## Problem statement
Pictures in the listing below are skipped, while the lines from the "DIVERSEY Crew Clinging Toilet Bowl Cleaner" line through the "Table 4 presents" line are returned word for word.
Available data START
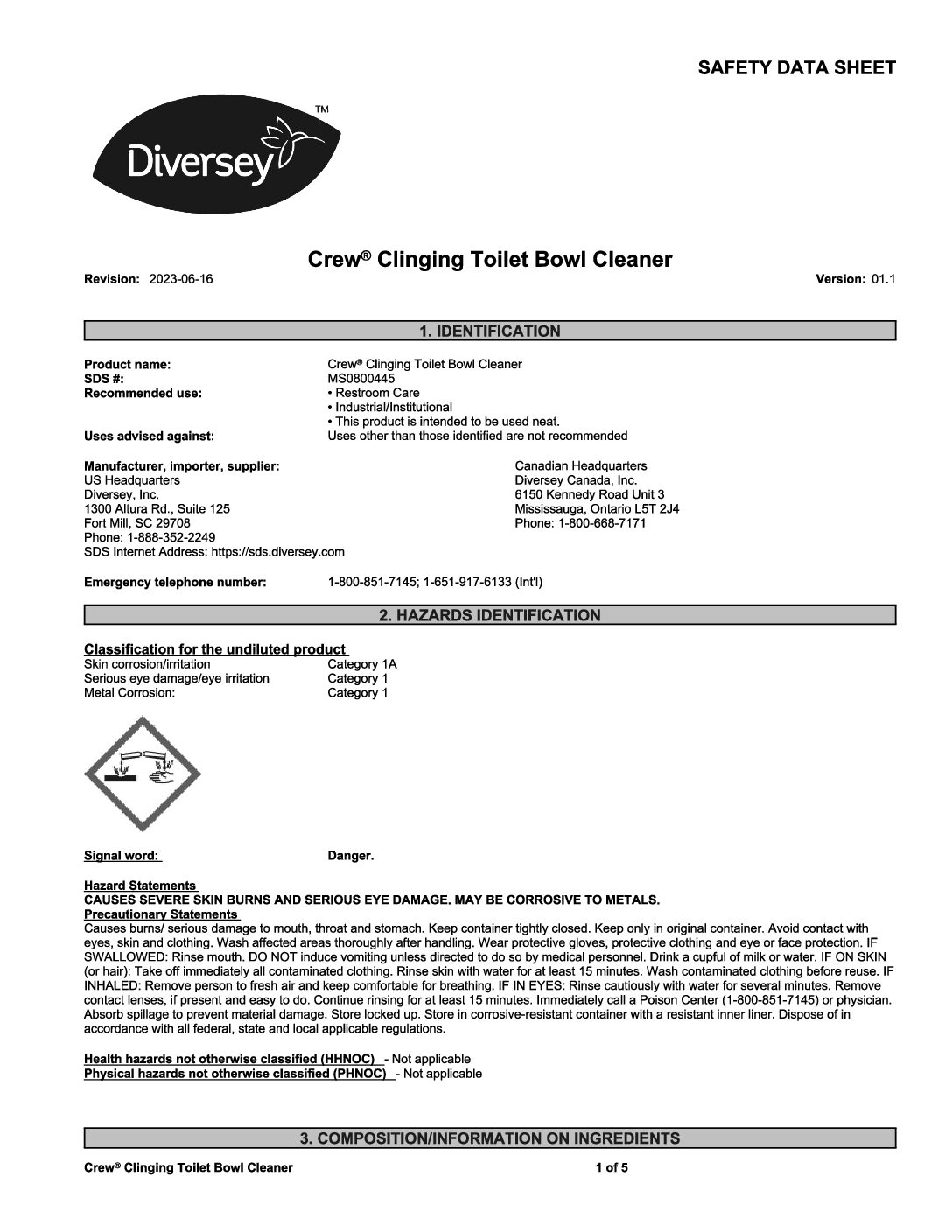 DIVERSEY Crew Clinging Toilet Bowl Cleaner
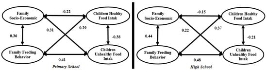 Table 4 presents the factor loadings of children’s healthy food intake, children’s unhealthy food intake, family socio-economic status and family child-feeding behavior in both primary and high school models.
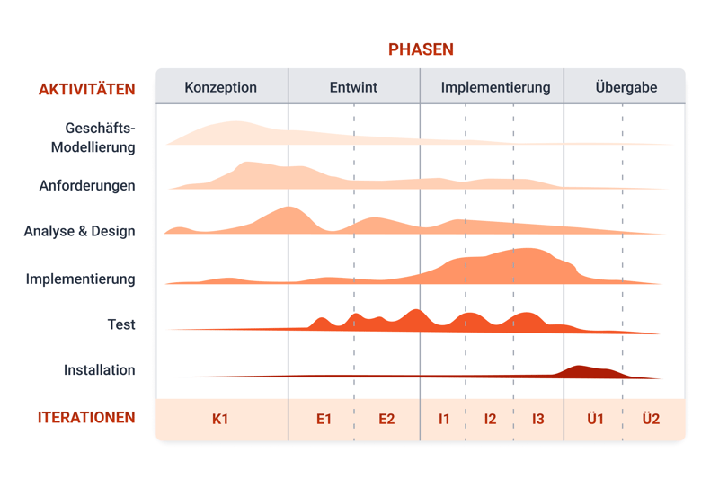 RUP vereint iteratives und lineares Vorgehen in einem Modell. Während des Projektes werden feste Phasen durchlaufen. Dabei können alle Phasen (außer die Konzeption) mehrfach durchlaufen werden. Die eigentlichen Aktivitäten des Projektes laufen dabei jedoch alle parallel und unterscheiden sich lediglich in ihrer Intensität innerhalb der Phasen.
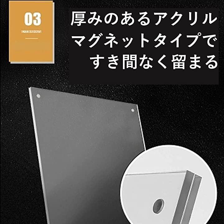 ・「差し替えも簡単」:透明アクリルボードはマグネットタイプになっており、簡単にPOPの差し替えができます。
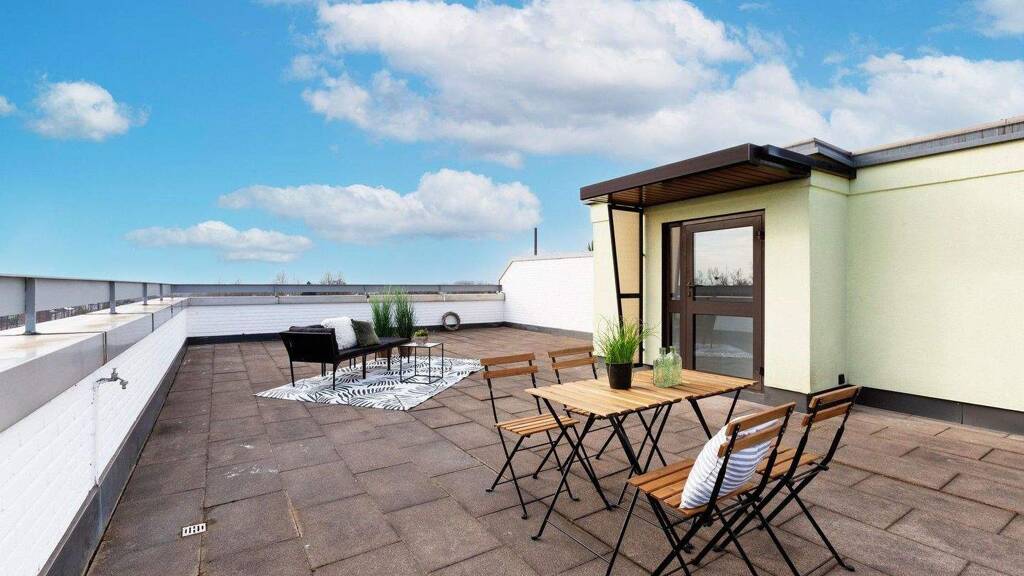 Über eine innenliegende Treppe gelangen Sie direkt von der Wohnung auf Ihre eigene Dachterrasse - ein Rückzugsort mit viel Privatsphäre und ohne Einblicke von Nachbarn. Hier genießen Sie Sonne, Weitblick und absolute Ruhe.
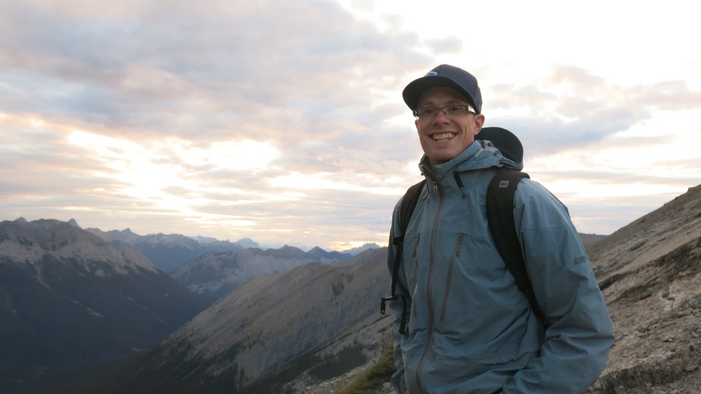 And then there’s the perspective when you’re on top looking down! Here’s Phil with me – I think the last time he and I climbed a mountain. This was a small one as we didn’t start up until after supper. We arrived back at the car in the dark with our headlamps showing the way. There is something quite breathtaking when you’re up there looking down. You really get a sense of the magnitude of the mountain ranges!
Available data END
Available data START
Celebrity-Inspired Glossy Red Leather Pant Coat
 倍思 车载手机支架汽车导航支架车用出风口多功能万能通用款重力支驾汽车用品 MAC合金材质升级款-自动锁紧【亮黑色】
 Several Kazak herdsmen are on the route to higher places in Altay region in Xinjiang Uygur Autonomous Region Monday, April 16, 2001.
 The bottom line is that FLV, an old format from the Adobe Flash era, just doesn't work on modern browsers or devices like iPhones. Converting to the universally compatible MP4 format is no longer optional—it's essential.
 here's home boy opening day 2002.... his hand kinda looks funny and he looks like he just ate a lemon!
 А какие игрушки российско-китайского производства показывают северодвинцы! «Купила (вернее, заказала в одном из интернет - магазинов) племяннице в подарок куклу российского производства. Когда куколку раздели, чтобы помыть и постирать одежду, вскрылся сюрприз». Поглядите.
Available data END
Available data START
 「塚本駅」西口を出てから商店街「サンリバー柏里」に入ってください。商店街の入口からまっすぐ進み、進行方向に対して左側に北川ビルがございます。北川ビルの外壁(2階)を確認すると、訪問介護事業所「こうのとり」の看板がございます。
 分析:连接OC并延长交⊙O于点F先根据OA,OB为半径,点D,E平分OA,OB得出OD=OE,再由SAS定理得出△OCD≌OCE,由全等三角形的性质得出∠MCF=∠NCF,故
Available data END
## Final answer
 DIVERSEY Crew Clinging Toilet Bowl Cleaner
 Table 4 presents the factor loadings of children’s healthy food intake, children’s unhealthy food intake, family socio-economic status and family child-feeding behavior in both primary and high school models.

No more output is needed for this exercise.